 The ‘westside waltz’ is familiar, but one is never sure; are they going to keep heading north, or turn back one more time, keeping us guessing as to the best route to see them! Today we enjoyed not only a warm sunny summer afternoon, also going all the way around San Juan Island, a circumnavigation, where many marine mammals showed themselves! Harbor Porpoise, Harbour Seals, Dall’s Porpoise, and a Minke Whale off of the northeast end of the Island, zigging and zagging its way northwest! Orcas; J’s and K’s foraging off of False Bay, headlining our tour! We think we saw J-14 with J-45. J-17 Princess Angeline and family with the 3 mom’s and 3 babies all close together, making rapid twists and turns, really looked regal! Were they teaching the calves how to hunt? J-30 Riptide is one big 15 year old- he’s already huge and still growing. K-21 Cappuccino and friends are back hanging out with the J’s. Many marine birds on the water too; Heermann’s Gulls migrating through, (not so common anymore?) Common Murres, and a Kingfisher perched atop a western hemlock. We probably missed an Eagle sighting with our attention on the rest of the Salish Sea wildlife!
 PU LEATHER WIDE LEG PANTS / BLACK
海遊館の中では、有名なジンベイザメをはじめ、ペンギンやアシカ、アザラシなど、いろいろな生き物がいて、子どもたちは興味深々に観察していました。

--

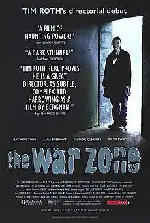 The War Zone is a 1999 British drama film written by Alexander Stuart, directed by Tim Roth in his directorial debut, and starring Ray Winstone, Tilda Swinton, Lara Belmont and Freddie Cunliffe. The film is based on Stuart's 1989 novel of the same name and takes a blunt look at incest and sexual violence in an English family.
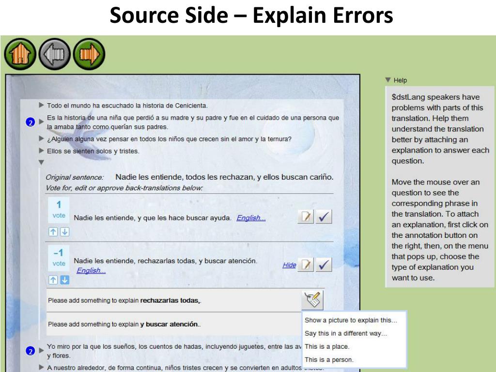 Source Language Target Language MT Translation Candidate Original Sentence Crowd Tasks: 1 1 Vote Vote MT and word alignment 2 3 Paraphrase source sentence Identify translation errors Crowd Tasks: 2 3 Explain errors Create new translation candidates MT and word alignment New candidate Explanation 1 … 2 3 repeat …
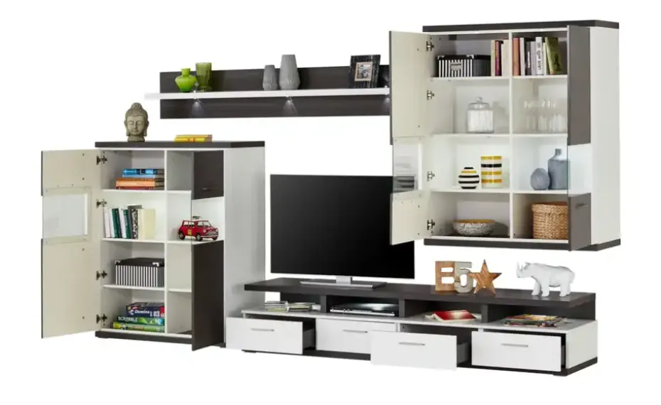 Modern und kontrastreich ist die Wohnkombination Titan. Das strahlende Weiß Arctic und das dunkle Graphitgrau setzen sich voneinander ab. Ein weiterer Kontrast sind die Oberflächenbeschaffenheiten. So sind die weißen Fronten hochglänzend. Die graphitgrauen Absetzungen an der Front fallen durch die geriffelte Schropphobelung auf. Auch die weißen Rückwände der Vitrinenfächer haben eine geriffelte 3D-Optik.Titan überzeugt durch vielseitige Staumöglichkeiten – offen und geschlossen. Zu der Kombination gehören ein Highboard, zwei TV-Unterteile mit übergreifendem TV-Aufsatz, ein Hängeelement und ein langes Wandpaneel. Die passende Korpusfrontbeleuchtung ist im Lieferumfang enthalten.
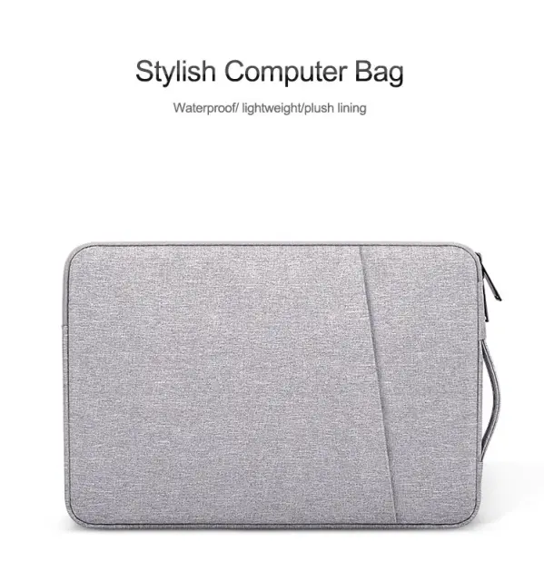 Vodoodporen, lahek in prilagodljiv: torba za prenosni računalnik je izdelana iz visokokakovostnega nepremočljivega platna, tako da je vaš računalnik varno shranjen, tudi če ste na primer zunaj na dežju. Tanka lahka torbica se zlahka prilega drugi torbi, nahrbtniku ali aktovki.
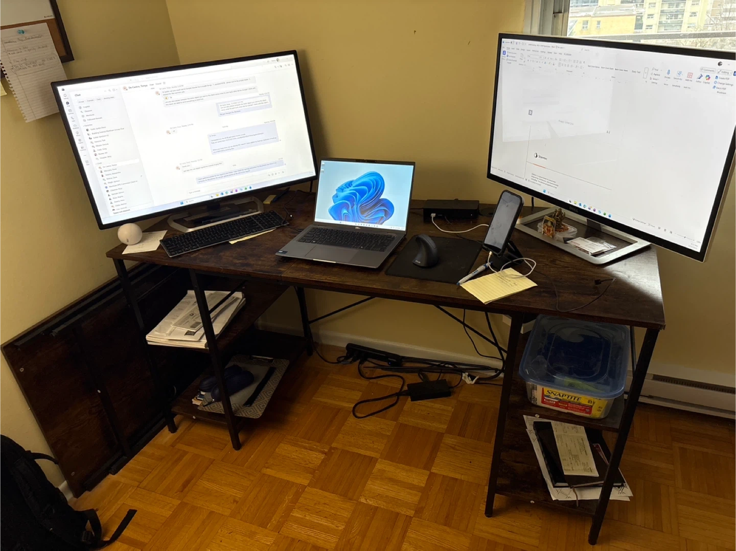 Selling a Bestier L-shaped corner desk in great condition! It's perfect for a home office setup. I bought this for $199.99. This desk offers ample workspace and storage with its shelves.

* * *

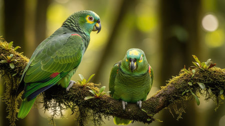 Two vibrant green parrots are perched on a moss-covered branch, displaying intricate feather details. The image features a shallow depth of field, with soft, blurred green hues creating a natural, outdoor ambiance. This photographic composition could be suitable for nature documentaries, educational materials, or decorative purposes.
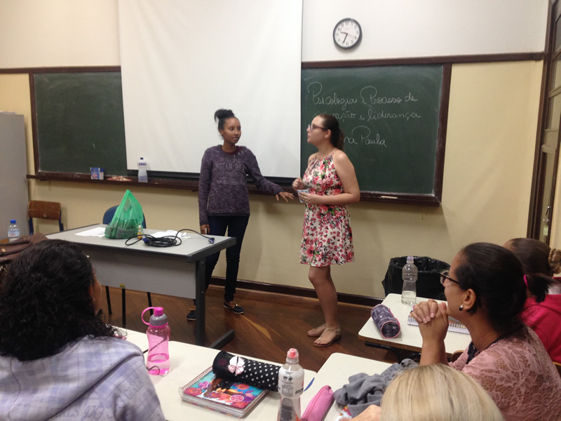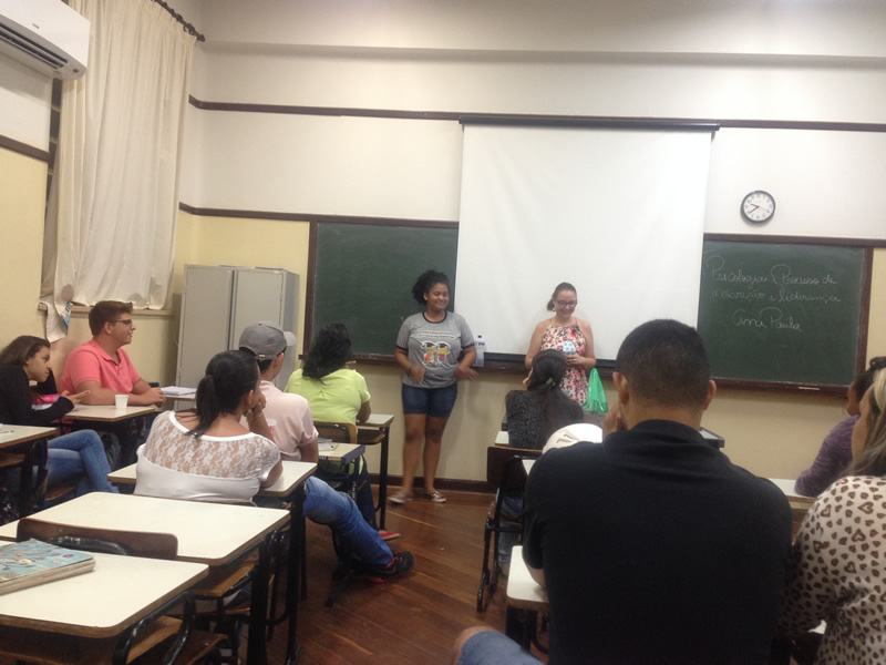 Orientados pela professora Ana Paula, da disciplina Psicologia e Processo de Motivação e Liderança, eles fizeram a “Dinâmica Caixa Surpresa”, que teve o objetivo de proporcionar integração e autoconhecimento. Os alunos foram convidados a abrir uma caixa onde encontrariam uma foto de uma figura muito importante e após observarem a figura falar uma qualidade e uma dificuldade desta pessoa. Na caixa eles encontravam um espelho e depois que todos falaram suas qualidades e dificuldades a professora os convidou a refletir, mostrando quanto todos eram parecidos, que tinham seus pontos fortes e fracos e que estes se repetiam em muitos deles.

Goal of the exercise: Copy back the listing above exactly, but only from the line with "The ‘westside waltz’" through the line with "海遊館の中では、有名なジンベ", both ends included.

Answer space:
 The ‘westside waltz’ is familiar, but one is never sure; are they going to keep heading north, or turn back one more time, keeping us guessing as to the best route to see them! Today we enjoyed not only a warm sunny summer afternoon, also going all the way around San Juan Island, a circumnavigation, where many marine mammals showed themselves! Harbor Porpoise, Harbour Seals, Dall’s Porpoise, and a Minke Whale off of the northeast end of the Island, zigging and zagging its way northwest! Orcas; J’s and K’s foraging off of False Bay, headlining our tour! We think we saw J-14 with J-45. J-17 Princess Angeline and family with the 3 mom’s and 3 babies all close together, making rapid twists and turns, really looked regal! Were they teaching the calves how to hunt? J-30 Riptide is one big 15 year old- he’s already huge and still growing. K-21 Cappuccino and friends are back hanging out with the J’s. Many marine birds on the water too; Heermann’s Gulls migrating through, (not so common anymore?) Common Murres, and a Kingfisher perched atop a western hemlock. We probably missed an Eagle sighting with our attention on the rest of the Salish Sea wildlife!
 PU LEATHER WIDE LEG PANTS / BLACK
海遊館の中では、有名なジンベイザメをはじめ、ペンギンやアシカ、アザラシなど、いろいろな生き物がいて、子どもたちは興味深々に観察していました。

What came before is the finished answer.